**PROBLEM**: Among the entries below, the lines from the one with "有沒有聽過「Valley of the" up to and including the one with "芭蕾平底鞋,肩背Chanel 经典翻盖包,佩戴Thistles Atlas太阳镜。NARS刚刚宣布Kaia" are to be restated exactly, without pictures.

**DATA TO EXAMINE**:
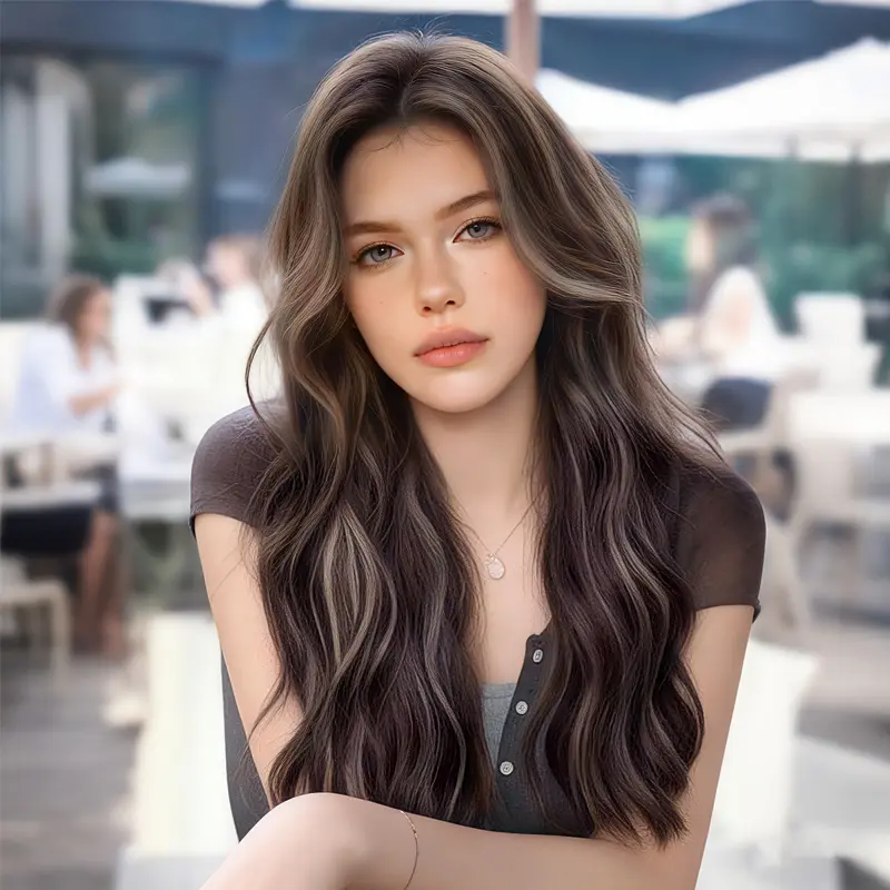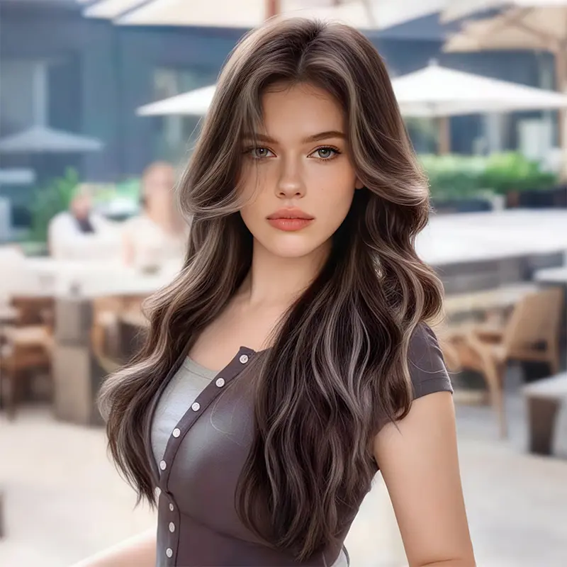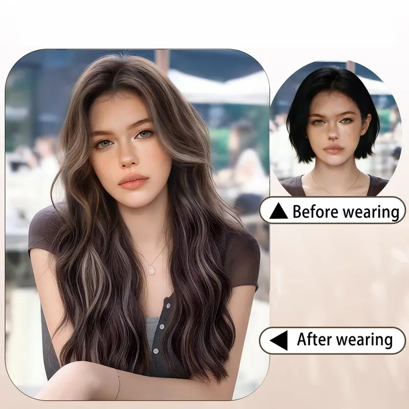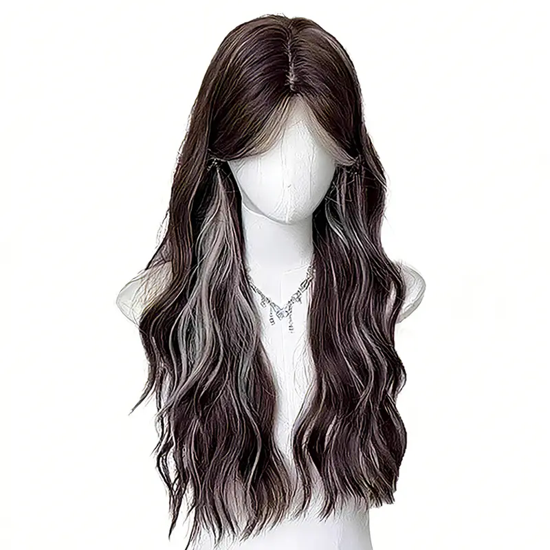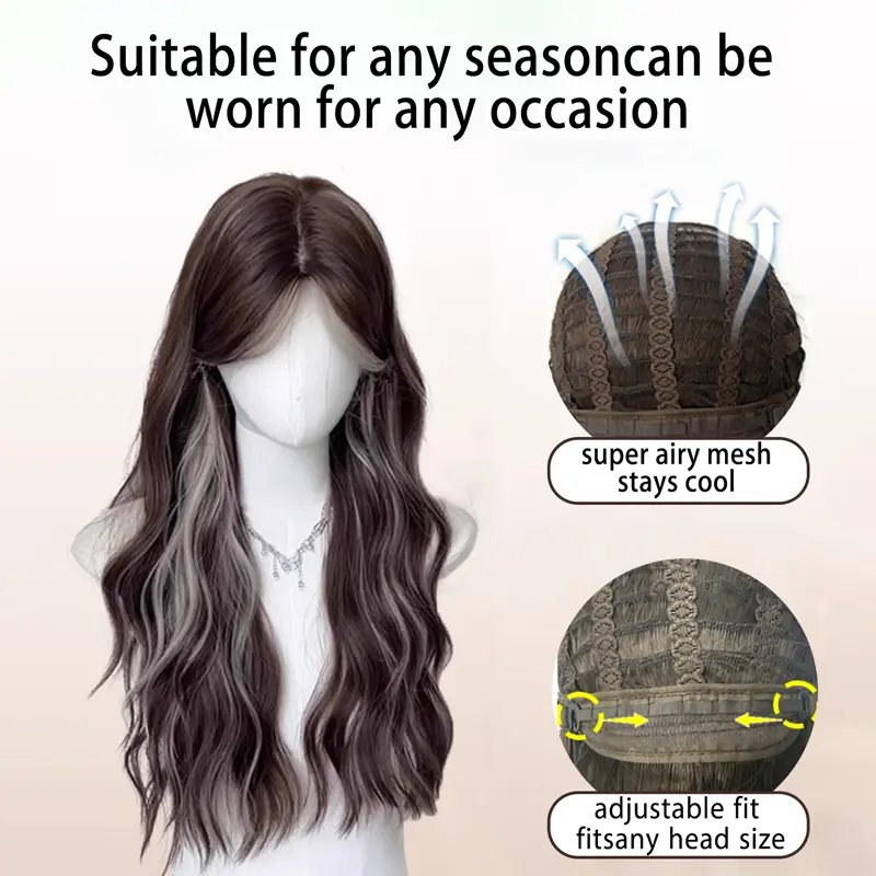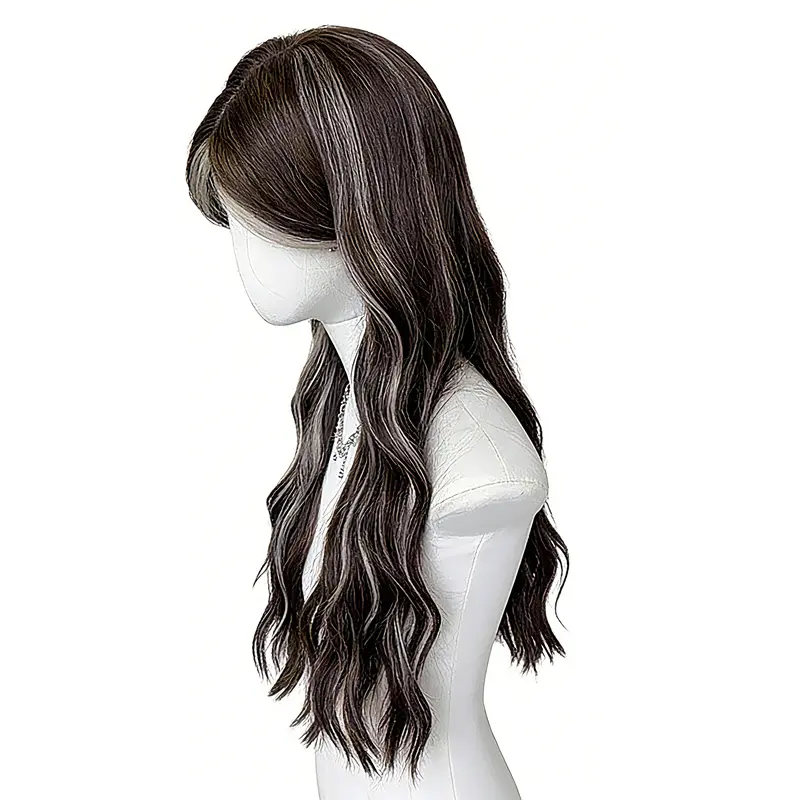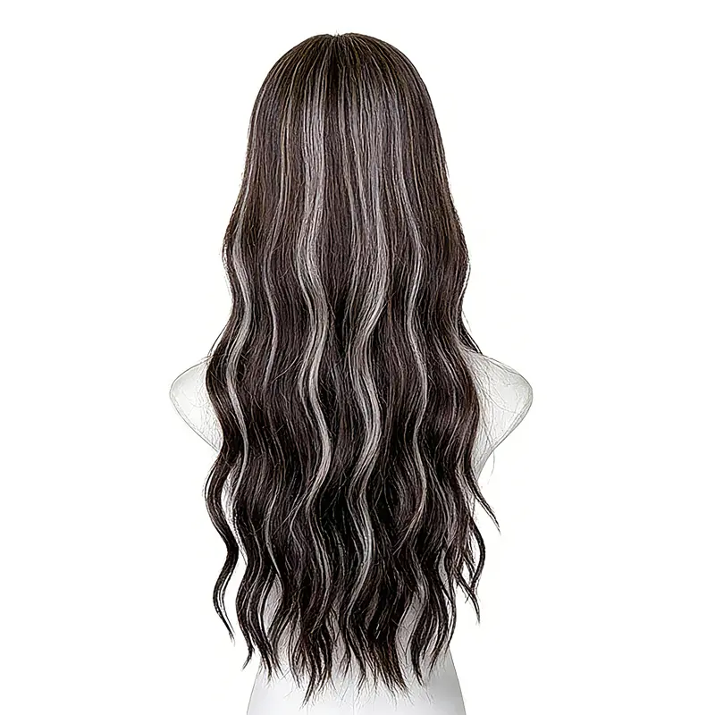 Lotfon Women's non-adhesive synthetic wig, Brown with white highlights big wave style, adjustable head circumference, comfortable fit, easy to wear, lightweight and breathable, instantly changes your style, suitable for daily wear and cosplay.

==

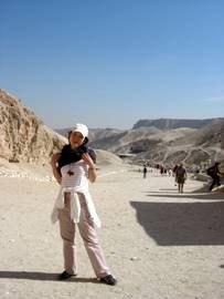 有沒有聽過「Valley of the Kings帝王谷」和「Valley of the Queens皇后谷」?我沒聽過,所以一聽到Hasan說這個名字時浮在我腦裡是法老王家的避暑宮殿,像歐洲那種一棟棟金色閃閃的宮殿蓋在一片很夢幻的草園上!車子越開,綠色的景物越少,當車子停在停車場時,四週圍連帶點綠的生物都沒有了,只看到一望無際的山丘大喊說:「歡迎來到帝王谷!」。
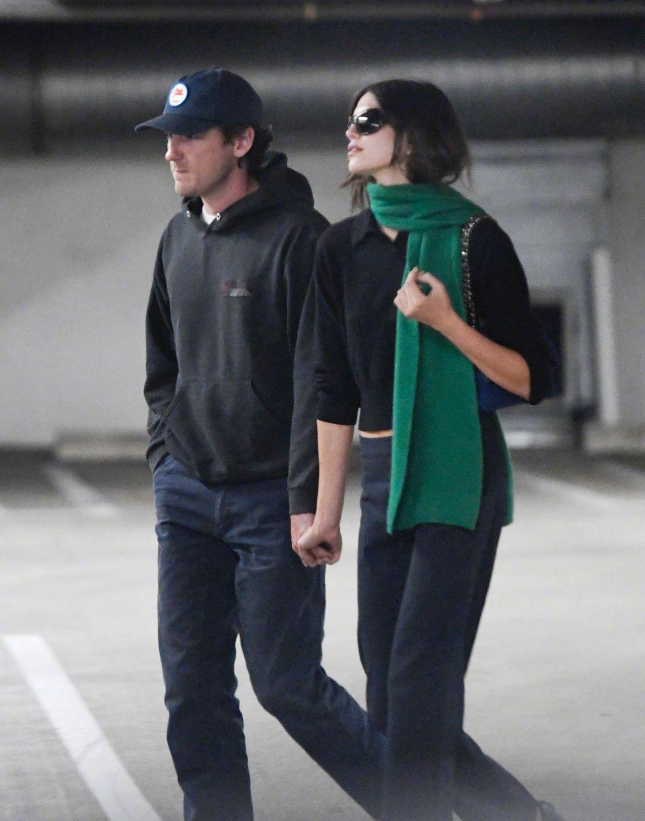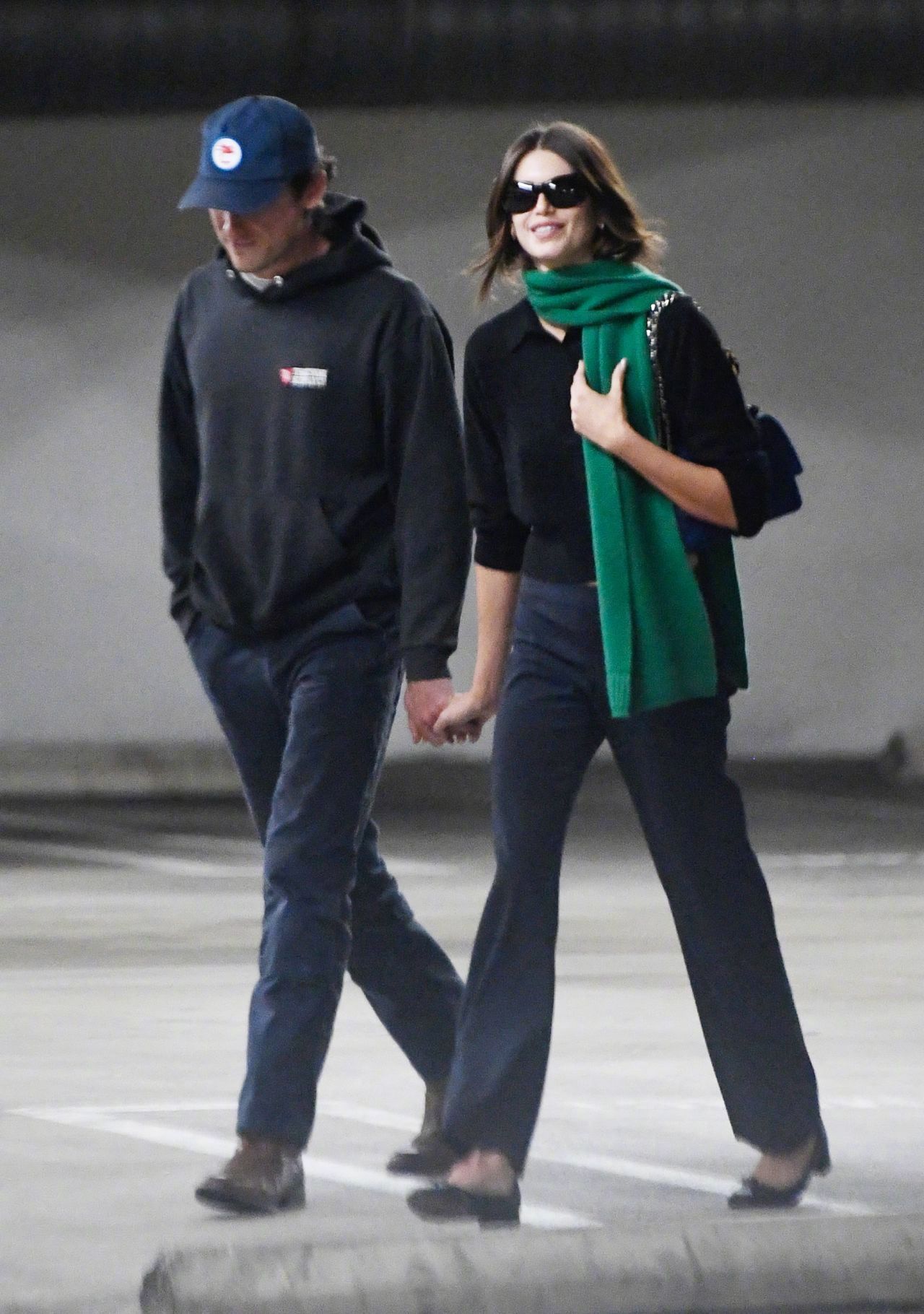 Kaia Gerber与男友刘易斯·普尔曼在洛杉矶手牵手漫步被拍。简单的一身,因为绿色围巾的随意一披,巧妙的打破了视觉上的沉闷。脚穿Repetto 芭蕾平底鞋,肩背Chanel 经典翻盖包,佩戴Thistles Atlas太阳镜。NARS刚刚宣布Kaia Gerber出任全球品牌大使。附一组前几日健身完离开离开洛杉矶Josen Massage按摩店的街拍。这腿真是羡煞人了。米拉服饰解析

--

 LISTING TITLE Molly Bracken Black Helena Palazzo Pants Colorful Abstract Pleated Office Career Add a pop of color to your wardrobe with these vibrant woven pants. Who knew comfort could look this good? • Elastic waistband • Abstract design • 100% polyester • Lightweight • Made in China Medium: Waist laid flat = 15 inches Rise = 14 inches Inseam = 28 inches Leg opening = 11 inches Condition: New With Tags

**SOLUTION**:
 有沒有聽過「Valley of the Kings帝王谷」和「Valley of the Queens皇后谷」?我沒聽過,所以一聽到Hasan說這個名字時浮在我腦裡是法老王家的避暑宮殿,像歐洲那種一棟棟金色閃閃的宮殿蓋在一片很夢幻的草園上!車子越開,綠色的景物越少,當車子停在停車場時,四週圍連帶點綠的生物都沒有了,只看到一望無際的山丘大喊說:「歡迎來到帝王谷!」。
 Kaia Gerber与男友刘易斯·普尔曼在洛杉矶手牵手漫步被拍。简单的一身,因为绿色围巾的随意一披,巧妙的打破了视觉上的沉闷。脚穿Repetto 芭蕾平底鞋,肩背Chanel 经典翻盖包,佩戴Thistles Atlas太阳镜。NARS刚刚宣布Kaia Gerber出任全球品牌大使。附一组前几日健身完离开离开洛杉矶Josen Massage按摩店的街拍。这腿真是羡煞人了。米拉服饰解析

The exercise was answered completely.